4. Analytical Applications and Benchmark Results

4.1 SQuaD Quality-in-Use Dataset

Enables supervised sentence/topic classifiers, aspect-based sentiment analysis, and benchmarking of automated tools against a gold-standard set. Example baseline using logistic regression with TF–IDF features:

  • QinU topic classification accuracy: ≈75%
  • Macro-F₁: 0.72 (all three topics)
  • Polarity classification: 82% accuracy (F₁⁺ = 0.79, F₁⁻ = 0.83)

4.2 SQuaD Project Corpus Applications

Supports cross-sectional and longitudinal studies of maintainability, technical debt, code health, and quality trends, using both static and process metrics. Notable applications:

  • Augmenting defect prediction models with process metrics (churn, DA) yields AUC improvements of 5–8 points over static code metrics alone.
  • Quantitative analysis of refactoring actions demonstrates that Extract Method operations reduce average cyclomatic complexity by up to 15%.

Emerging uses include transformer-based sequence prediction leveraging chronologically ordered release snapshots and cross-ecosystem quality modeling.

5. Limitations and Prospective Extensions

5.1 Pilot SQuaD for Quality-in-Use

Current release omits the ISO/IEC 25010 dimensions of Satisfaction and Context Coverage. Future expansions aim to include additional review domains (mobile, web), more granular parsing, multi-lingual annotations, and scalable annotation via crowdsourcing and active learning–assisted tools. Maintaining high inter-annotator agreement at scale remains a principal challenge.

5.2 Project Corpus SQuaD

Limitations include SAT tool variable accuracy (language, code style sensitivity), substantial resource requirements (>64 GB RAM for full import and querying), and imperfect granularity in vulnerability-to-code tracing. Future plans incorporate expanded statics (e.g., CodeQL, Semgrep), automated continuous updates via CI pipelines, MySQL and further relational data exports, and fine-grained vulnerability mapping.

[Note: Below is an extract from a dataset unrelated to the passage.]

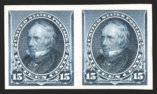 certificate.#227a, 15c Indigo imperforate, horizontal pair, large to extra-large margins all around, deep intense color on fresh paper, o.g., lightly hinged, extremely fine; 1990 PF certificate. (Image) $625.00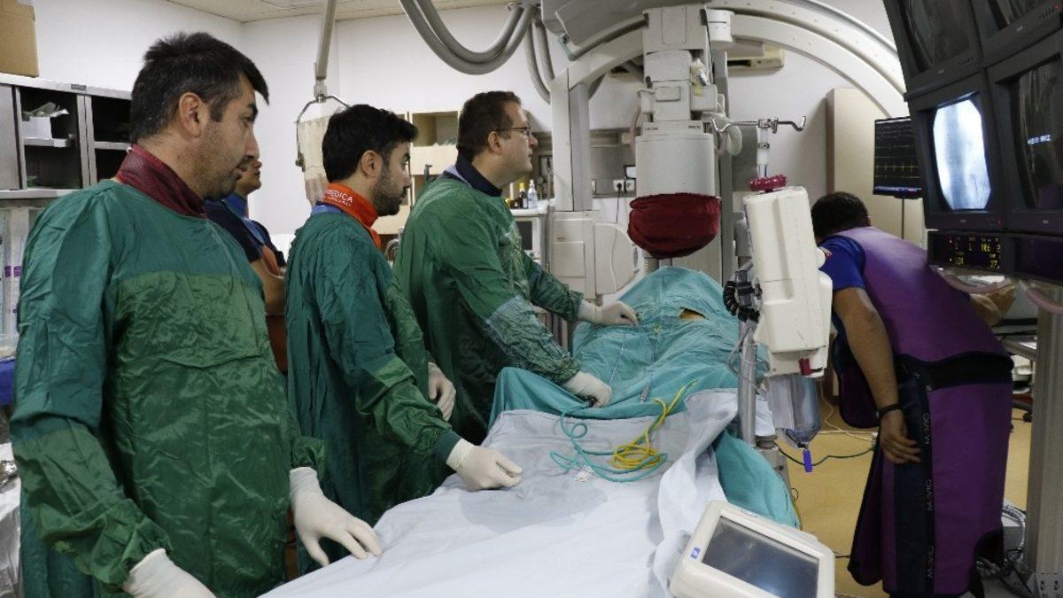 "40 yaşında hastamız beyin kanaması nedeniyle beyin cerrahisinde tedavi görürken akciğerlerine pıhtı atarak sağ akciğer damarının tamamen tıkandığını gördük. Beyin kanaması geçirdiği için kan sulandırıcı ilaçları veremedik. Bizde bunun üstüne acil olarak genel durumu bozuk olan hastamızı kateter laboratuvarına aldık. Önce tıkalı olan damarımızı görüntüledik. Görüntüledikten sonra kateterlerimizle bizzat pıhtı olan yerin içine girerek pıhtıyı parçalamaya çalıştık. Parçayı daha küçük parçaya ayırdık ve aspirasyon dediğimiz çekme tekniğiyle bir kısım pıhtıyı da geri almaya çalıştık. Daha sonra da pıhtının içerisine düşük dozda kan sulandırıcı pıhtı eritici ilacımız verdik bu şekilde hastanın hayata tekrar tutunmasına katkıda bulunduk. Normalde bunlar çok riskli işlemler. Acil müdahale edilmesi gereken tedavi yöntemleri. Çok nadir yaptığımız genelde pıhtı eritici ilaçlar verdiğimiz hastalık. Ama burada beyin kanaması geçirdiği için pıhtı eritici ilaç veremediğimiz için mecburen bu yöntemi hastaya uygulamak zorunda kaldık. Başarılı olduk. Hastanın genel durumunda da pıhtının erimesiyle birlikte genel durumunda da hızlı bir düzelme gözlendi."

6. Availability and Licensing

  • The pilot SQuaD software quality-in-use dataset is publicly hosted (http://www.meta-net.eu/), typically under a CC BY-SA license (Atoum et al., 2015).
  • The SQuaD project metric corpus is available via ZENODO (DOI: 10.5281/zenodo.17566690) (Robredo et al., 14 Nov 2025).
  • Both are maintained for reproducibility, benchmarking, and extension by empirical software engineering researchers.

7. Significance and Impact

SQuaD, in both its annotated review and mining-driven project-scale incarnations, establishes a comprehensive empirical basis for research on software quality assessment, software analytics, and automated defect prediction. By combining expert judgment, multi-level static and process features, and meticulous curation, SQuaD facilitates quantitative, comparative, and reproducible studies of software maintainability, evolution, and quality-in-use that were previously infeasible at this scale and granularity.